Luckily, one of Julia’s hobbies is being a bitch. Apparently saying, “Awww, little guy! No one called you an oompa loompa,” deflates a man’s ego and is a surefire way to get them to avoid you.

(*Since there was no opportunity for him to buy me a drink, I didn’t feel it necessary to be nice. –Julia)

It’s also important to note that they don’t have any bottled beer. All their beers come in cans, we were told by from our Oskar Blue’s long-timer tour guide (she had a pretty decent beer gut, surprise surprise, and an ex-husband who also worked at the brewery). Canning beer is better because it doesn’t let in light and preserves the flavor. Too bad the thousands of other breweries across the world don’t have is wisdom or who knows what kind of amazing, non –sunlight tainted beers we’d have.


At the close of the tour we were offered free jewelry in the form of a beer can with a set of beads run through it that you can wear around your neck. These are the same ones you can find at the Great American Beer festival that help you pick out who the truly classy people are.

The tour guide rolled her eyes at the popularity of these necklaces, because they’re a huge hit at festivals, while Julia’s eyes lit up.

*(They were all gone at the last GABF when I got there, so I made out with a guy for the sole purpose of stealing his necklace. –Julia)

To be honest and as a disclaimer for our first attempt at beer descriptions, we ultimately failed at describing the beers from this brewery in any detail that would be helpful at all.  Apologies in advance.  This is what happens your first time. You don’t really know what’s going on, you don’t know what you’re doing, and you realize afterwards what you could’ve done better. We considered having a do-over, but really, who wants to relive their first time?

I'm glad we got to lose our virginity with this moustache.

The sampler cost us a whopping 7 dollars, and was almost worth the $3.50 each.

This was our artsy, overhead picture

Mama’s Little Yella Pils – Tastes like Coors, but with a little more of a kick. It’s really nothing special. When a brewery that was started with the foundation beer with a name so manly and Aley (Ale + “Y”; not what you find digging in a dumpster for left over fish) as “Dale’s Pale Ale” tries to jump to the lager market let’s just say; they fail.

1 Boob


Dale’s Pale Ale – This is the staple beer of Oskar Blues and rightfully so. If we were men and were really into this kind of beer (and also not driving) we would have each gotten a pint more of this.

3 Boobs

Gordon Beer – It tasted like weed. Really and truly, stoner or not, this is weed beer.  And by the ratings below, it’s pretty easy to tell who the true Boulderite is of the two of us.

Julia – 1 Boob

Lisa- 4 Boobs!


Gubna IPA – Tasted like an armpit. If we could give half boobs, we would. We can’t really discern why this was so unappealing to both of our pallet’s but it really was. The gag reflex not usually associated with drinking beer played a big role when we took a drink of this.

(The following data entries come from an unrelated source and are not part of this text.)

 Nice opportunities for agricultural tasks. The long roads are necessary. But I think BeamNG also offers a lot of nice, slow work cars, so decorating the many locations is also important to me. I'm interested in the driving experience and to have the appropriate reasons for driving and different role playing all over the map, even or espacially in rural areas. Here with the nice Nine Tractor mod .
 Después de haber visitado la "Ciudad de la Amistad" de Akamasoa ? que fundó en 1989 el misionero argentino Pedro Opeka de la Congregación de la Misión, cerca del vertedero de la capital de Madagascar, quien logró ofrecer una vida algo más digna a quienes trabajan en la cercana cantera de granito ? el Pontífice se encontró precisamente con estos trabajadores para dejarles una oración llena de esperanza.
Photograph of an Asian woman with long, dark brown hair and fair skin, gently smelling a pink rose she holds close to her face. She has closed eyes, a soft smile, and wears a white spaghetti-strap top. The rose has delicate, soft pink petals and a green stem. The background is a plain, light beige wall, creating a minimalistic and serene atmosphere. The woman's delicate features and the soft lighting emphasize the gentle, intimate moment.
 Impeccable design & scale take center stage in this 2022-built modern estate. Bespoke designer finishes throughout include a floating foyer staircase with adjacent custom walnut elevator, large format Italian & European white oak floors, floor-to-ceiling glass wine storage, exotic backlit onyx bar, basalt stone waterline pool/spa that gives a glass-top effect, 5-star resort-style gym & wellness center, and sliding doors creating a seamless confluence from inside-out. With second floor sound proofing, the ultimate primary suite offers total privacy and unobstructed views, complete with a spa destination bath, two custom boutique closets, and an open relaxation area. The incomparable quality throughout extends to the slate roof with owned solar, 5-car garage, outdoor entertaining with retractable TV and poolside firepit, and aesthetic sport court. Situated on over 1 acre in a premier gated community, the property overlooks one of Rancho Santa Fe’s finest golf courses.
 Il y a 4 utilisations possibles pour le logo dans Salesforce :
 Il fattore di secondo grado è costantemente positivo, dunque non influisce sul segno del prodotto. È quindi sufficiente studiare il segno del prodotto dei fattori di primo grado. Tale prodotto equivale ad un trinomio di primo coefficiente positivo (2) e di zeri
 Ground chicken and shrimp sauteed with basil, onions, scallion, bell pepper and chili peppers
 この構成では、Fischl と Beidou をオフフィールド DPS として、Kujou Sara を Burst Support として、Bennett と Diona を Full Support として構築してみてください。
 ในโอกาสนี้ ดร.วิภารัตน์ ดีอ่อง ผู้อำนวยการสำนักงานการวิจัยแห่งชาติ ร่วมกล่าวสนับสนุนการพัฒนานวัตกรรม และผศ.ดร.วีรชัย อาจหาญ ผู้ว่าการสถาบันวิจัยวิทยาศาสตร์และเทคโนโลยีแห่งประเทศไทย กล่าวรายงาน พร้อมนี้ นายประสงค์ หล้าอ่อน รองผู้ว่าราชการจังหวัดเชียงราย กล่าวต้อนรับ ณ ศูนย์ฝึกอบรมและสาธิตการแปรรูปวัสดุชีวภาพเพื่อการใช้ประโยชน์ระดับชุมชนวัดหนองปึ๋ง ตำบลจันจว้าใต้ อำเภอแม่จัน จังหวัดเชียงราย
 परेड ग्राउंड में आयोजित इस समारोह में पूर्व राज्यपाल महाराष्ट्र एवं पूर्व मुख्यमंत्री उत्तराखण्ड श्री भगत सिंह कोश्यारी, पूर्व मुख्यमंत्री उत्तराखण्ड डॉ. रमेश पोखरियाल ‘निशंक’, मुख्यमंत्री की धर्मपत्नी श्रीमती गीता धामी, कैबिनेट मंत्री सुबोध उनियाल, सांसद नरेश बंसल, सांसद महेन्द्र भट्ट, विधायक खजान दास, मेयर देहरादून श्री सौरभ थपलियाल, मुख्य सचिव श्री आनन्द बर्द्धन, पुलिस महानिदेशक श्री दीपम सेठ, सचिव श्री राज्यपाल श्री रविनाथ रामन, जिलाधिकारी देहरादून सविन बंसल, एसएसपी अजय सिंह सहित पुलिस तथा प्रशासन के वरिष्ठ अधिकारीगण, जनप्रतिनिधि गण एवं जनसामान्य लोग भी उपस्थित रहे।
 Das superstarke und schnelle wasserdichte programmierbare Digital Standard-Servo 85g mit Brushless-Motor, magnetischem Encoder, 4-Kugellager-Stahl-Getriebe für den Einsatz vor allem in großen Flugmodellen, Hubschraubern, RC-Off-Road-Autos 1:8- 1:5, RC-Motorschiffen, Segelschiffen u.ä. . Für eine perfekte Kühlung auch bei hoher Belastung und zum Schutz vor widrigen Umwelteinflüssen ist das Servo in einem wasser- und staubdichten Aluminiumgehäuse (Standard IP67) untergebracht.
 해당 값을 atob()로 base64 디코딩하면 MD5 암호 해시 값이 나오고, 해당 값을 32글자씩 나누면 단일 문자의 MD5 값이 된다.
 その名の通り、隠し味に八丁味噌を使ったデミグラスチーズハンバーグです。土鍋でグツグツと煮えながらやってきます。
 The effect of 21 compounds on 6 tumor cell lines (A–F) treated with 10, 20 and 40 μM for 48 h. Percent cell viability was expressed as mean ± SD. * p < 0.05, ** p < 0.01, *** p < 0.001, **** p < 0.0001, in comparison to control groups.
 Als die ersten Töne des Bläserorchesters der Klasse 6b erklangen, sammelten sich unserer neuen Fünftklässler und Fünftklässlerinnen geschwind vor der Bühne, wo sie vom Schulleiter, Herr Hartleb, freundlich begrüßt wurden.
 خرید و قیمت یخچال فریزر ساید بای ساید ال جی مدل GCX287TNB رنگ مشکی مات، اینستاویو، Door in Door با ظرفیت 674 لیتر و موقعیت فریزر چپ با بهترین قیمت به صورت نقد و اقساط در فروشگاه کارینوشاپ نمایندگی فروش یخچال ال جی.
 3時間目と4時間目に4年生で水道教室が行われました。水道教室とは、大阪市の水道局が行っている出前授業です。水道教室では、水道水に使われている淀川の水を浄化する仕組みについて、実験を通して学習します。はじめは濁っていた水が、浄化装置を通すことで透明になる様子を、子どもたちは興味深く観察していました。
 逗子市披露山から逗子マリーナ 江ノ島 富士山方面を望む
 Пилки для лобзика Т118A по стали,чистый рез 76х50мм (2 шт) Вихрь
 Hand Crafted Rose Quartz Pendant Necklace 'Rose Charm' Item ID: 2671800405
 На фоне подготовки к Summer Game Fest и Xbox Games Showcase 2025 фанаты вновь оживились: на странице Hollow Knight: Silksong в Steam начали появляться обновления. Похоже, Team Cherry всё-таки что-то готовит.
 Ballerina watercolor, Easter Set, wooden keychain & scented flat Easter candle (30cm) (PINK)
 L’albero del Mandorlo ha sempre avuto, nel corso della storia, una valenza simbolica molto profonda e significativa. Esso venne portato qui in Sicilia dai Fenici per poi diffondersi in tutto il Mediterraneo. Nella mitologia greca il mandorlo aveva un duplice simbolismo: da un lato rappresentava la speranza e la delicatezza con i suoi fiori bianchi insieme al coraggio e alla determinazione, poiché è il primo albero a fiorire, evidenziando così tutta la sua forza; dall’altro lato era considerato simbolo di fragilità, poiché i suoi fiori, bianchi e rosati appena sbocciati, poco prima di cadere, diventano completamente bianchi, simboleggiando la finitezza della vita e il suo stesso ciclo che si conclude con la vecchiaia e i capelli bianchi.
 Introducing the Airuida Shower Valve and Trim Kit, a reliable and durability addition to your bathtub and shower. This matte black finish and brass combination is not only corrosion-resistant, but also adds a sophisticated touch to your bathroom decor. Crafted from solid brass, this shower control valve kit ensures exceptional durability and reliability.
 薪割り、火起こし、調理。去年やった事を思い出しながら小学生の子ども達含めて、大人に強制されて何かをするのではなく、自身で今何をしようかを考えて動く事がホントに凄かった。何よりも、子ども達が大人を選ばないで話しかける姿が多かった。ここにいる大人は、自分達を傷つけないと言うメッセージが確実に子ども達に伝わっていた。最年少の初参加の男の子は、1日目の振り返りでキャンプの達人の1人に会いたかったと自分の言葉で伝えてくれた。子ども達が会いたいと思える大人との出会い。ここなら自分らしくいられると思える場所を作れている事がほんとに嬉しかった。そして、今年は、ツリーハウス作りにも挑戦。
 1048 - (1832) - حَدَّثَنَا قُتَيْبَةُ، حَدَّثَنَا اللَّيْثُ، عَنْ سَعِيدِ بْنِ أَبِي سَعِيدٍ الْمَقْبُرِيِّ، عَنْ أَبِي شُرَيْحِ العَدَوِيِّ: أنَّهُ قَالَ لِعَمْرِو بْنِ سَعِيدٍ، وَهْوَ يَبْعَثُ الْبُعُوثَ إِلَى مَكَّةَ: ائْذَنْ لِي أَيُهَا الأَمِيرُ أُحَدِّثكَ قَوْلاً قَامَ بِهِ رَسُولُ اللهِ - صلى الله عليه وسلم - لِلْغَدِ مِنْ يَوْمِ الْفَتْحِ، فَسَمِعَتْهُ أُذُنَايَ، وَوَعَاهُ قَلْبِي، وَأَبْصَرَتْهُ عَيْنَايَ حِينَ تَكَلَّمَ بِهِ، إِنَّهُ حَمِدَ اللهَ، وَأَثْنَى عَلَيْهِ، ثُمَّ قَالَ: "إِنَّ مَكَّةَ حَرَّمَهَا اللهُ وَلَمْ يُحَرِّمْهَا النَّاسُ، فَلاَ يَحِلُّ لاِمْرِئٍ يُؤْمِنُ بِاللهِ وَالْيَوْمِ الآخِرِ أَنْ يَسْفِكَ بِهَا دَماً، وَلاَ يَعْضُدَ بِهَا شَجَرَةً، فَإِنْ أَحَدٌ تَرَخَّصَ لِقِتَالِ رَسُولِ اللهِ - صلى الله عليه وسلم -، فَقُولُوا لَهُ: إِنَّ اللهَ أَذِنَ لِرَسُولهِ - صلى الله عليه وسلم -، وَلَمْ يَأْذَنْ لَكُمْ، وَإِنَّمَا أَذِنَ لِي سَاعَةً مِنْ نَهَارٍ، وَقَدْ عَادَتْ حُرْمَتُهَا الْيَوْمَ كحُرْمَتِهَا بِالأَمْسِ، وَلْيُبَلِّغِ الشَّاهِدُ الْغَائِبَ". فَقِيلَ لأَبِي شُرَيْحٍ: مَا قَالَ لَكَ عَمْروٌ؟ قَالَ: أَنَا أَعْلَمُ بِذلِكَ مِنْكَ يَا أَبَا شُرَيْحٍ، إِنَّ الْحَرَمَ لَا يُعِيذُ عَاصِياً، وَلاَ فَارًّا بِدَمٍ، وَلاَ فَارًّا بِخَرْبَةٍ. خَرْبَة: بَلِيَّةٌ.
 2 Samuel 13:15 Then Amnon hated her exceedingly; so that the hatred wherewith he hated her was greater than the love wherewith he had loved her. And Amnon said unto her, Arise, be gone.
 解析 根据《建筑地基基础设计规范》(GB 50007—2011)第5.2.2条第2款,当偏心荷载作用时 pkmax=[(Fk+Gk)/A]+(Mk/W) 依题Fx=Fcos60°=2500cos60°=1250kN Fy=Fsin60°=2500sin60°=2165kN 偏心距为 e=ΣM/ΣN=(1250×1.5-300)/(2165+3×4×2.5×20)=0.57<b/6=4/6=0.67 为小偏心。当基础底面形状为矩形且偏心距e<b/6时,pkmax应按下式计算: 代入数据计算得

Julia: “We’ll call this, Dale’s Stale Ale”

1 Boob


Old Chub – Very Smoky flavored. At first neither of us really jumped on the Chub bandwagon and chugged the whole thing, but after a while we both really decided this was delicious and soon wanted more.

3 Boobs

Tenfidy – Really, really strong, but a good aftertaste.

When I first put it in my mouth I thought, ooooh, I might throw up.”

2 boobs

Whiskey Barrel aged selection– This essentially tastes like someone gave me a shot of whiskey, then poured a tiny bit of beer into it. Thankfully this seemed like something they made behind the bar with the “pour mat” and isn’t actually a staple beer( if you can call it that) that is always available.

Lisa- “It makes me want to die.”

1 Boob (only because that’s our lowest possible rating)

And so ends our first time. It was very special, and something I’ll never forget.